Last week there was a problem in the PHPClasses site newsletter delivery system that made it stop for several days. However, thanks to defensive programming techniques, no harm was done. It only caused a delay in the delivery of the newsletters that were left in the queue for several days.

Almost at the same time I got a warning from the hosting people that the site is taking over 350GB of bandwidth per month. Therefore, I decided to make a few changes to keep the site hosting expenses on budget.

The site sends about 5 million newsletter messages every month. 4 million of those messages are the new class daily digest alert messages. So, I have disabled the option to get such messages for all users that had it set.

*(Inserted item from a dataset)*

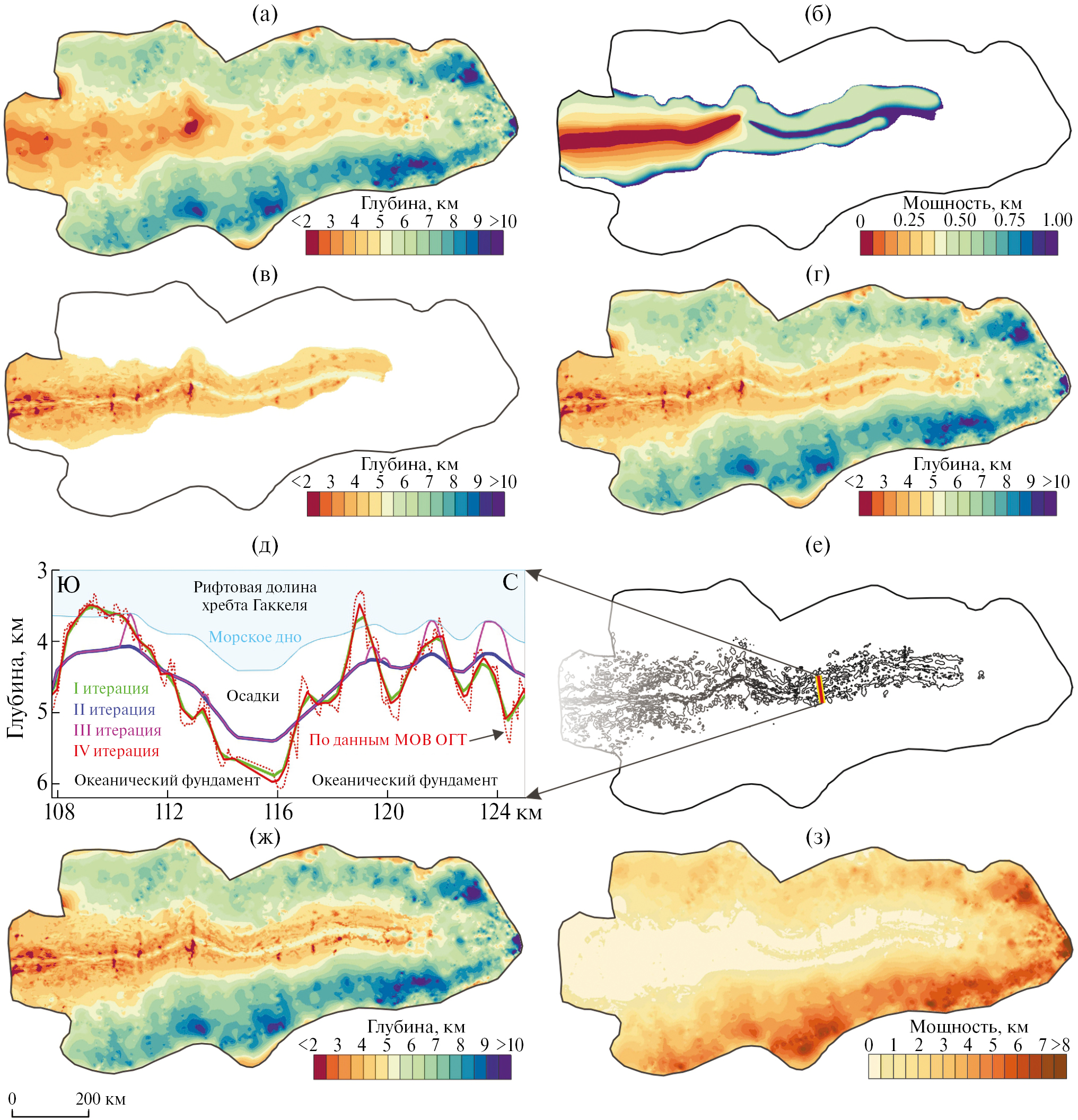 Количество слоев выбиралось нами, исходя из принципа выбора значений плотности от минимального 1650 кг/м3 с шагом 100 кг/м3 и расчетом мощностей слоев, для которых эти значения являются средними, согласно установленной зависимости ρ(H). Показаны границы выбранных девяти слоев Евразийского бассейна (см. рис. 2, е). Эти слои, с присвоенными им значениями средних плотностей мы использовали при 2D, а также 3D моделировании.

From now on, the new class alert messages will only be sent to the users that go on the user options page and re-enable the option labeled "New class alerts".

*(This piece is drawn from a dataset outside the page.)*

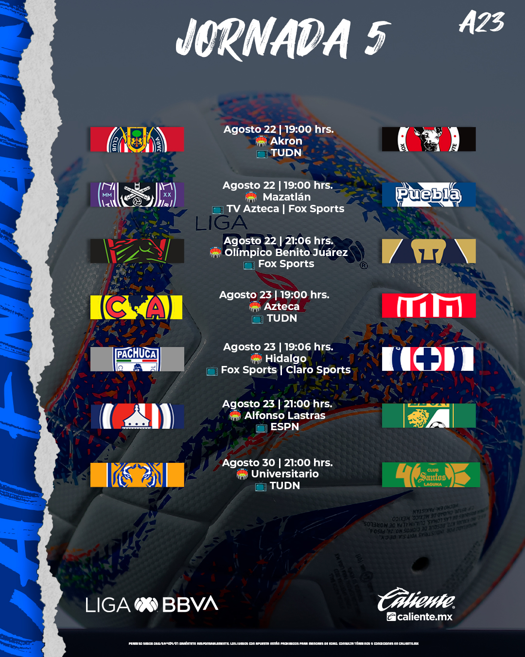 A las 19:00 horas se pondrá en marcha la Jornada 5, que inicia el martes 22 de agosto en el Estadio Akron, con el Chivas vs. Tijuana, mismo día y horario para el Mazatlán vs. Puebla, y cierra la actividad de ese día el FC Juárez vs. Pumas a las 21:06 horas.

http://www.phpclasses.org/user_options.html

This option is only being reset for users that had it set to receive the digest version of the new class alert messages. Users receiving the individual version are not affected.

If you prefer to get a weekly digest of all published packages, just get the main site newsletter by setting the option labeled "Site content newsletters".


* Distributed newsletter system

But back to the original subject, defensive programming, let me tell you a bit more about the PHPClasses site newsletter system.

Today the whole site runs on a single dedicated server. This includes the Apache Web server, a MySQL database server and qmail e-mail server.

In the past the site used to run on a shared server. Once the site reached a significant number of subscribers, it became inviable to send so many newsletter from a shared server.

I would need to upgrade to an hosting plan that would allow greater bandwidth usage. That was not financially viable as the site did not have advertising or any other form of generating revenue then.

The solution that I found was to off-load the newsletter delivery by delivering the newsletters using a separate machine. Initially I used my desktop machine at home from my dial-up connection.

The newsletters are generated automatically by scripts running on the main site. Since the messages would be delivered by different machine, I had to implement a solution for queuing and distributing the newsletter delivery jobs to be run by my home desktop machine.

I implemented an interesting solution that used POP3 mailboxes as queues. The main site would send a message to a private mailbox with the newsletter content and the list of subscribers e-mail addresses. Then the home desktop machine would poll regularly that mailbox, using POP3 to retrieve the newsletter body and the recipients list.

It is a solution that is a bit odd, but it worked well for a while. Since the volume of newsletters kept increasing, this was not really acceptable for my home connection ISP, despite I already had a domestic ADSL connection by then.

I have asked the site users for volunteers willing to provide a spare server to deliver the newsletter. Soon, I got an offer from Larry Rosenman that kindly offered an account in a machine that could be used for the newsletter delivery.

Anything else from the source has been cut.